Dataset items:
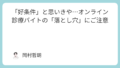 最近、非常勤バイトの求人を見ておりますと、「オンライン診療を開始予定です」といった一文が添えられているのを見かけたりします。あるいは、非常勤外来バイトの採用面接で、「オンライン診療もありますがご対応いただけますか?」とわざわざ質問するところもあるようです。
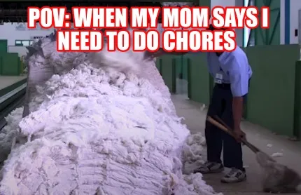Make your own "Funny POV: When my mom says I need to do chores" meme with MemeCreator's free online meme generator. Add text, stickers, and drawings — then download or share. No watermark, no sign-up required.
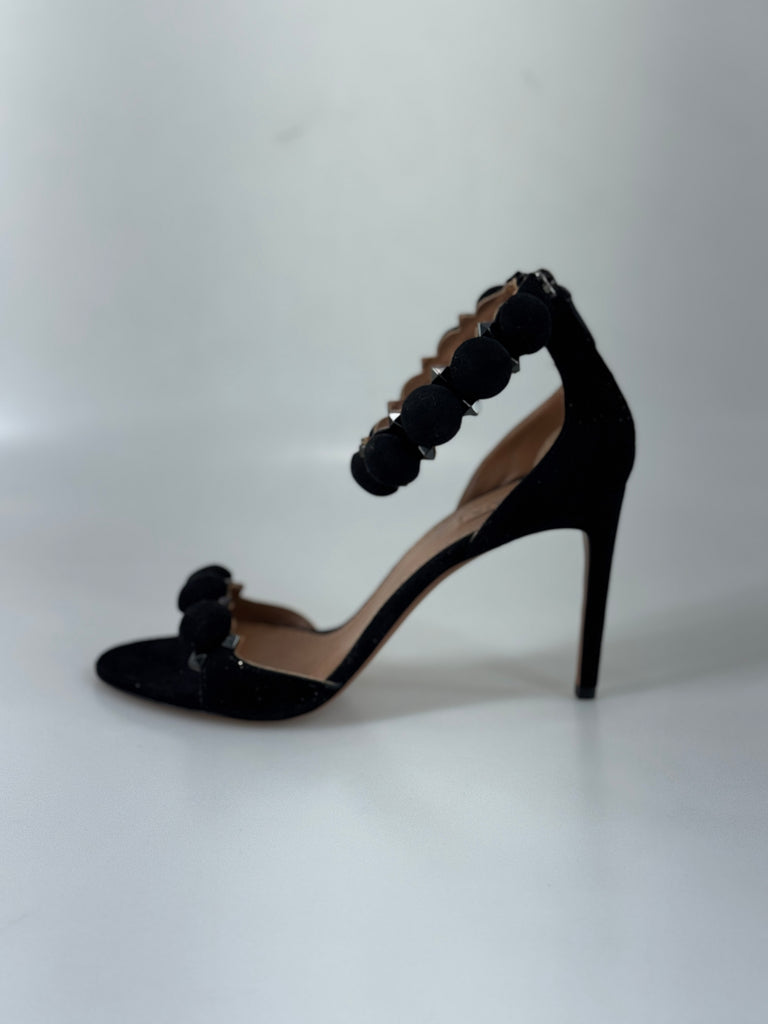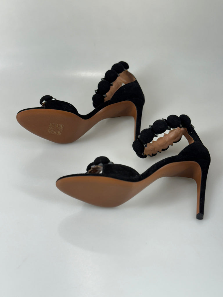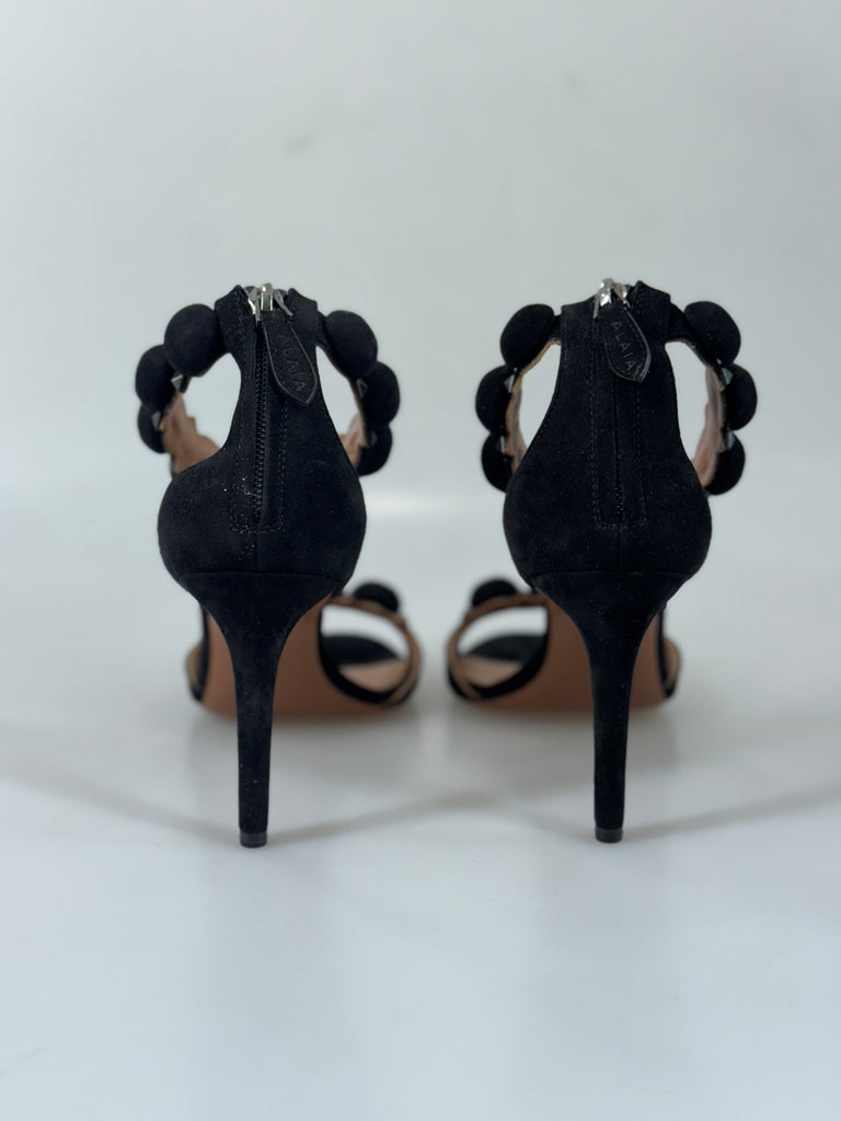 Eleganta Alaïa-sandaletter i mjuk, svart mocka. Den stilrena designen framhäver varumärkets signatur av tidlös elegans, medan formerna, detaljerna och mockans sammetslena textur ger ett modernt uttryck. Skräddad minimalism möter ikonisk couture-känsla. Den öppna sandalettmodellen skapar en lätt och feminin silhuett, perfekt balanserad för både kvällslook och dressade vardagsoutfits. Ett subtilt statement för dig som uppskattar kvalitet och design i varje steg. Tillverkade i Italien.
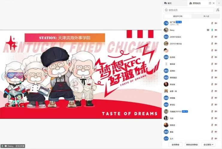 招聘会开场前,英语系通过带有腾讯会议二维码的主题海报发布参会信息,清晰标注企业名单与活动时间,方便学生提前预约参会。会议进程中,高顿教育则同步展示企业环境与业务布局,详解了财经教育领域的管培生、运营岗等岗位需求;天津肯德基以“梦想KFC 好滋味”为主题,通过卡通形象展示、岗位体系解读,介绍了门店运营、管理培训等岗位的成长路径与福利政策,两家企业均针对学生关注的跨专业求职、晋升通道等问题逐一回应。
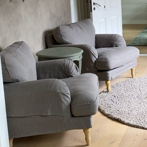 God å sitte i, vært lesestol på barnerom. Blir god som gull med nytt trekk 😊
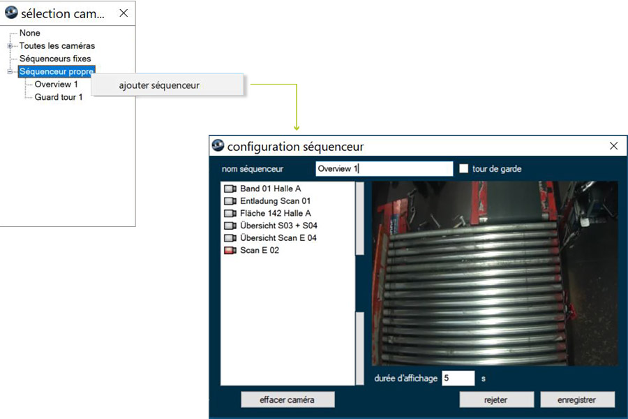 Les séquenceurs et les tours de garde peuvent être commutés comme des caméras.
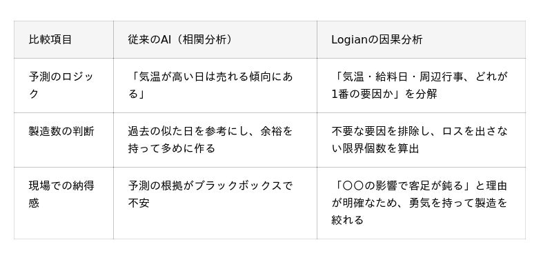 これまでの需要予測AIの多くは、データの連動性を見る「相関関係」に基づいたものでした。しかし、これでは「なぜその数字になったのか」が分からず、現場が自信を持って製造数を絞ることができません。本研究で導入する「因果分析」は、各要因が販売数に与える「影響度」を学術的に特定します。
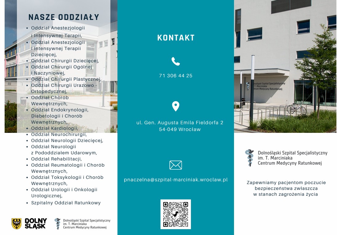 18 marca 2026 23 marca 2026 Dolnośląski Szpital Specjalistyczny im. T. Marciniaka Centrum Medycyny Ratunkowej ul. Gen. Augusta Emila Fieldorfa 2, 54-049 Wrocław KONTAKT: Tel: 71 3064425 e-mail: pnaczelna@szpital-marciniak.wroclaw.pl Share the post "Dolnośląski Szpital Specjalistyczny im. T. Marciniaka Centrum Medycyny Ratunkowej" FacebookXShare…
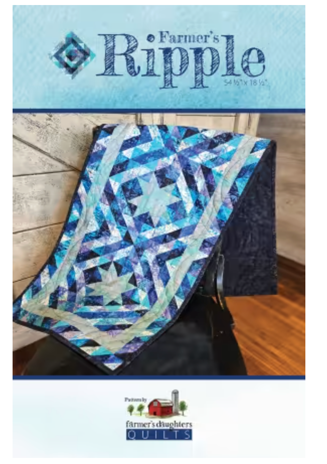 The Farmer's Ripple table runner quilt pattern is truly striking, thanks to the intricate detail achieved through the use of half-square triangles. The table runner finishes at 18.5" x 54.5". The pattern includes instructions to create oversized half-square triangles, allowing you to trim them for a perfect finish. With full-color instructions and clear, detailed graphics, the Farmer's Ripple pattern is designed for confident beginners ready to take on a more detailed project. The end result is a stunning table runner that showcases your growing quilting expertise.
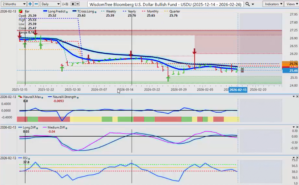 Now, to get started this week, we’ll begin where we always do with that very important US Dollar Index. Now, what I’m using here through the VP software on the ETF side is the WisdomTree Bloomberg U.S. Dollar Bullish Fund (USDU). I found this to be incredibly accurate in its predictions, with less weighting towards the euro currency. So the first thing we want to look at is repetitive patterns in these markets. I’ve discussed this on here for literally years, guys, that there’s as clear a pattern as I can see with the US Dollar Index being strong at the end of the month into the first week of the new month and usually seeing significant weakness around mid-month. So right now, if I look at December of 2025, you can see that we were below the yearly opening price. We were struggling along the monthly opening price. Then between the 15th and the 18th, the dollar sold off. We then come into January, what appears to be a very bullish move coming out of the gate into January, and then you can see we hit the exact same period of time around the middle of the month and, mysteriously, with a very bullish signal up to that point, the dollar fails again. Then it turns around at the end of the month, comes back up again. So where we’re at right now is we’re basically the same as where we were last year. We’re struggling along the yearly opening price, the TROSS long, monthly opening price. Everything is sitting right there, guys, and we’re going into a period of known U.S. dollar weakness. So that doesn’t mean that every single month this would occur, but it does usually occur 10 of the 12 months per year. So again, nothing is 100% in trading or investing, but these types of repetitive patterns—always remember that currencies are not like stocks or futures or options. Nobody has to buy any of those, but via currencies, people are required to buy and sell them, particularly at certain times of the month. So for next week, we have our yearly opening price, which will come in at 25.76, and then our T-cross long and our monthly opening price are basically at the exact same level. When we connect the dots to these monthly patterns, there’s a high probability of dollar weakness coming next week. Now we do have the PCE data next week, but again, a holiday-short week. So you’re going to see volatility on Tuesday, but by Wednesday and Thursday, the price should start to smooth out with dollar weakness. Right now, we have the pink line crossing the zero line. This is the proper structure of a medium-term crossover in the VP software. We’ve crossed the zero line. The pink line is a medium-term crossover. It is telling us that’s occurred, but we are below the TCROSS long when this has happened. We are below the monthly opening. We are below the yearly opening. That is the proper way to use the medium-term crossover here, guys, not randomly by itself, because very often the medium-term crossover can be corrective in nature, not necessarily part of the primary trend. So in this particular scenario, the medium-term crossover is consistent with the primary trend to the downside.
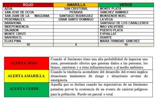 Las provincias en alerta amarilla son Pedernales y Barahona, mientras que en alerta verde se encuentran San Cristóbal, Peravia, Azua, San José de Ocoa, Elías Piña, Independencia, Bahoruco, San Juan de la Maguana, el Gran Santo Domingo, Santiago Rodríguez, Monte Cristi y Dajabón.
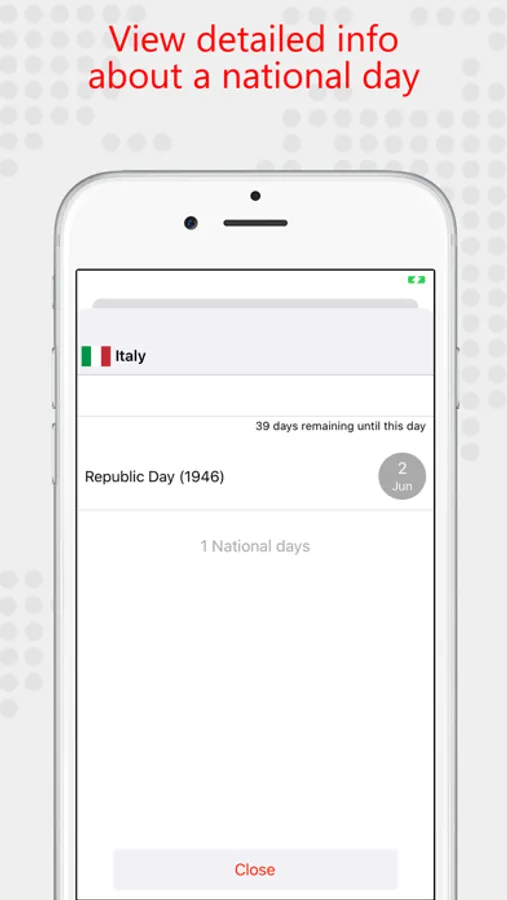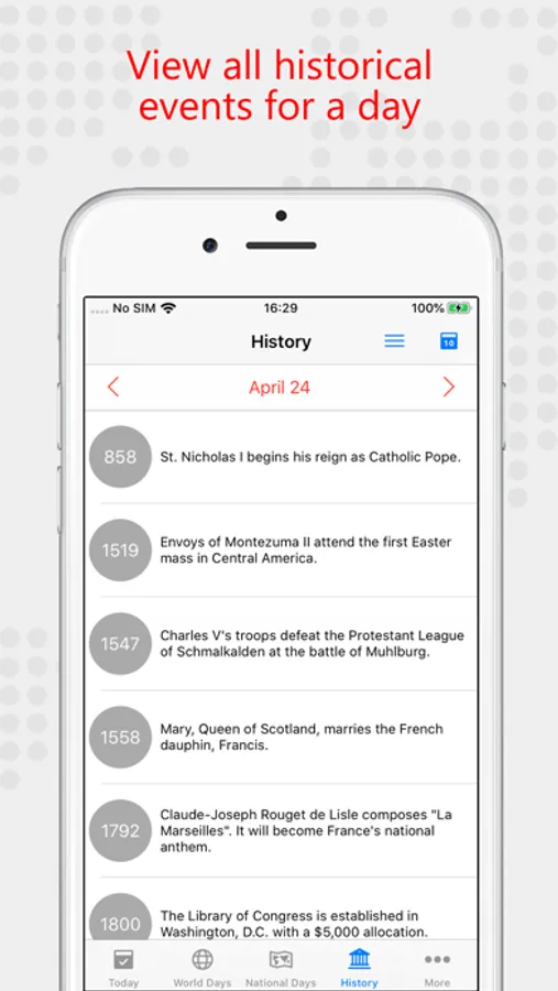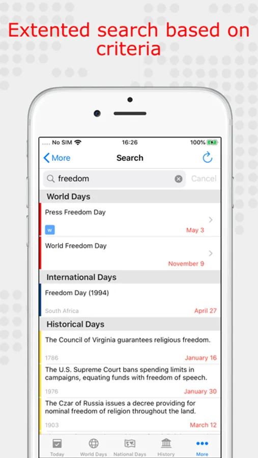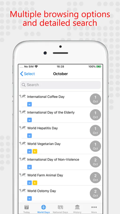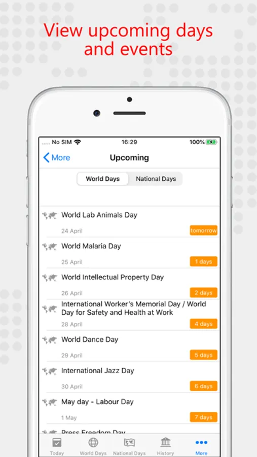 World Day includes a list of national days and anniversaries of 221 countries and religious observances for current year. Also using World Day you can view all historic events for a day.
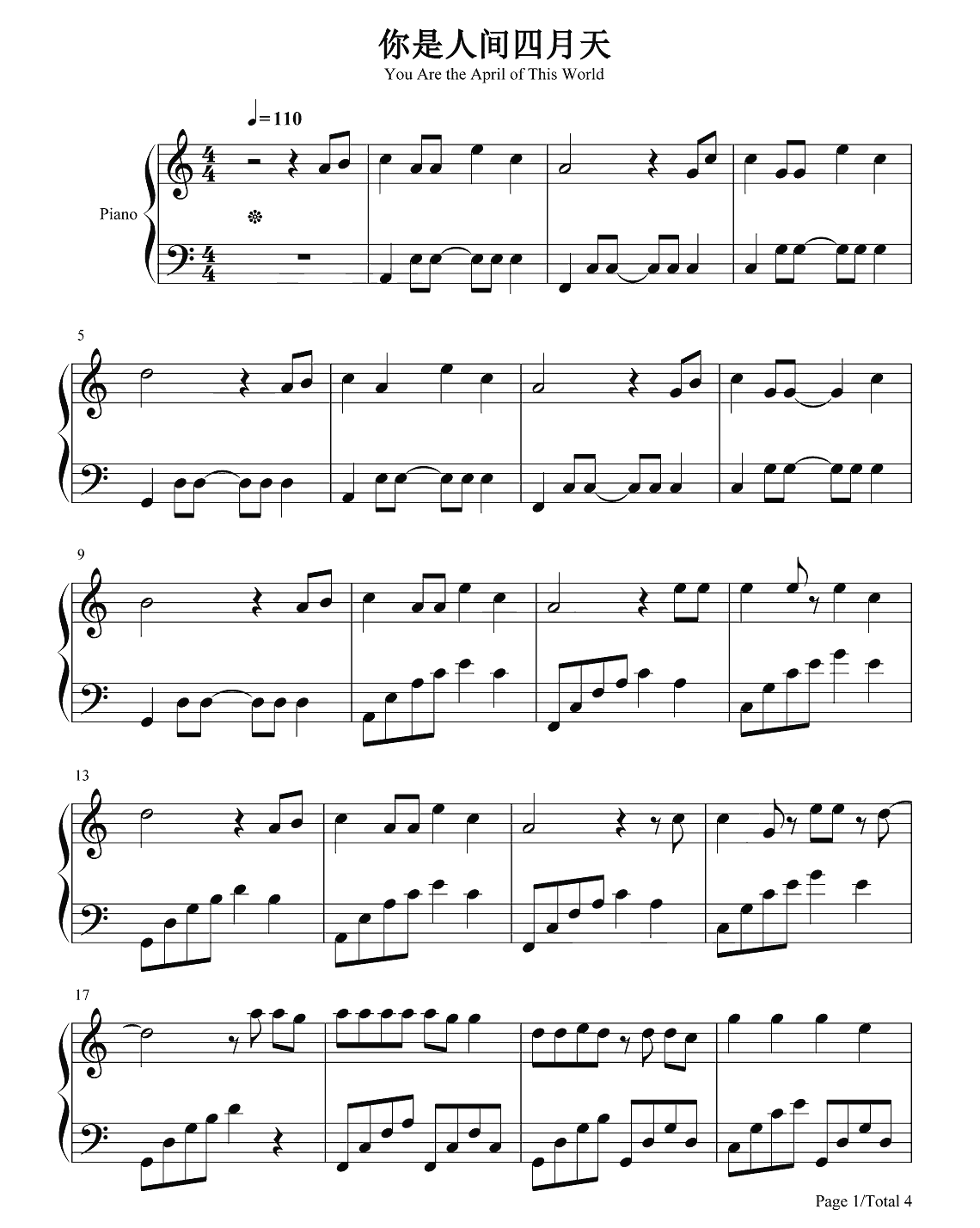 钢琴解忧邵帅《你是人间四月天》钢琴谱

YOUR INSTRUCTIONS
Please retype every record above exactly, leaving out the pictures.

SOLUTION FOR THIS TASK
 最近、非常勤バイトの求人を見ておりますと、「オンライン診療を開始予定です」といった一文が添えられているのを見かけたりします。あるいは、非常勤外来バイトの採用面接で、「オンライン診療もありますがご対応いただけますか?」とわざわざ質問するところもあるようです。
Make your own "Funny POV: When my mom says I need to do chores" meme with MemeCreator's free online meme generator. Add text, stickers, and drawings — then download or share. No watermark, no sign-up required.
 Eleganta Alaïa-sandaletter i mjuk, svart mocka. Den stilrena designen framhäver varumärkets signatur av tidlös elegans, medan formerna, detaljerna och mockans sammetslena textur ger ett modernt uttryck. Skräddad minimalism möter ikonisk couture-känsla. Den öppna sandalettmodellen skapar en lätt och feminin silhuett, perfekt balanserad för både kvällslook och dressade vardagsoutfits. Ett subtilt statement för dig som uppskattar kvalitet och design i varje steg. Tillverkade i Italien.
 招聘会开场前,英语系通过带有腾讯会议二维码的主题海报发布参会信息,清晰标注企业名单与活动时间,方便学生提前预约参会。会议进程中,高顿教育则同步展示企业环境与业务布局,详解了财经教育领域的管培生、运营岗等岗位需求;天津肯德基以“梦想KFC 好滋味”为主题,通过卡通形象展示、岗位体系解读,介绍了门店运营、管理培训等岗位的成长路径与福利政策,两家企业均针对学生关注的跨专业求职、晋升通道等问题逐一回应。
 God å sitte i, vært lesestol på barnerom. Blir god som gull med nytt trekk 😊
 Les séquenceurs et les tours de garde peuvent être commutés comme des caméras.
 これまでの需要予測AIの多くは、データの連動性を見る「相関関係」に基づいたものでした。しかし、これでは「なぜその数字になったのか」が分からず、現場が自信を持って製造数を絞ることができません。本研究で導入する「因果分析」は、各要因が販売数に与える「影響度」を学術的に特定します。
 18 marca 2026 23 marca 2026 Dolnośląski Szpital Specjalistyczny im. T. Marciniaka Centrum Medycyny Ratunkowej ul. Gen. Augusta Emila Fieldorfa 2, 54-049 Wrocław KONTAKT: Tel: 71 3064425 e-mail: pnaczelna@szpital-marciniak.wroclaw.pl Share the post "Dolnośląski Szpital Specjalistyczny im. T. Marciniaka Centrum Medycyny Ratunkowej" FacebookXShare…
 The Farmer's Ripple table runner quilt pattern is truly striking, thanks to the intricate detail achieved through the use of half-square triangles. The table runner finishes at 18.5" x 54.5". The pattern includes instructions to create oversized half-square triangles, allowing you to trim them for a perfect finish. With full-color instructions and clear, detailed graphics, the Farmer's Ripple pattern is designed for confident beginners ready to take on a more detailed project. The end result is a stunning table runner that showcases your growing quilting expertise.
 Now, to get started this week, we’ll begin where we always do with that very important US Dollar Index. Now, what I’m using here through the VP software on the ETF side is the WisdomTree Bloomberg U.S. Dollar Bullish Fund (USDU). I found this to be incredibly accurate in its predictions, with less weighting towards the euro currency. So the first thing we want to look at is repetitive patterns in these markets. I’ve discussed this on here for literally years, guys, that there’s as clear a pattern as I can see with the US Dollar Index being strong at the end of the month into the first week of the new month and usually seeing significant weakness around mid-month. So right now, if I look at December of 2025, you can see that we were below the yearly opening price. We were struggling along the monthly opening price. Then between the 15th and the 18th, the dollar sold off. We then come into January, what appears to be a very bullish move coming out of the gate into January, and then you can see we hit the exact same period of time around the middle of the month and, mysteriously, with a very bullish signal up to that point, the dollar fails again. Then it turns around at the end of the month, comes back up again. So where we’re at right now is we’re basically the same as where we were last year. We’re struggling along the yearly opening price, the TROSS long, monthly opening price. Everything is sitting right there, guys, and we’re going into a period of known U.S. dollar weakness. So that doesn’t mean that every single month this would occur, but it does usually occur 10 of the 12 months per year. So again, nothing is 100% in trading or investing, but these types of repetitive patterns—always remember that currencies are not like stocks or futures or options. Nobody has to buy any of those, but via currencies, people are required to buy and sell them, particularly at certain times of the month. So for next week, we have our yearly opening price, which will come in at 25.76, and then our T-cross long and our monthly opening price are basically at the exact same level. When we connect the dots to these monthly patterns, there’s a high probability of dollar weakness coming next week. Now we do have the PCE data next week, but again, a holiday-short week. So you’re going to see volatility on Tuesday, but by Wednesday and Thursday, the price should start to smooth out with dollar weakness. Right now, we have the pink line crossing the zero line. This is the proper structure of a medium-term crossover in the VP software. We’ve crossed the zero line. The pink line is a medium-term crossover. It is telling us that’s occurred, but we are below the TCROSS long when this has happened. We are below the monthly opening. We are below the yearly opening. That is the proper way to use the medium-term crossover here, guys, not randomly by itself, because very often the medium-term crossover can be corrective in nature, not necessarily part of the primary trend. So in this particular scenario, the medium-term crossover is consistent with the primary trend to the downside.
 Las provincias en alerta amarilla son Pedernales y Barahona, mientras que en alerta verde se encuentran San Cristóbal, Peravia, Azua, San José de Ocoa, Elías Piña, Independencia, Bahoruco, San Juan de la Maguana, el Gran Santo Domingo, Santiago Rodríguez, Monte Cristi y Dajabón.
 World Day includes a list of national days and anniversaries of 221 countries and religious observances for current year. Also using World Day you can view all historic events for a day.
 钢琴解忧邵帅《你是人间四月天》钢琴谱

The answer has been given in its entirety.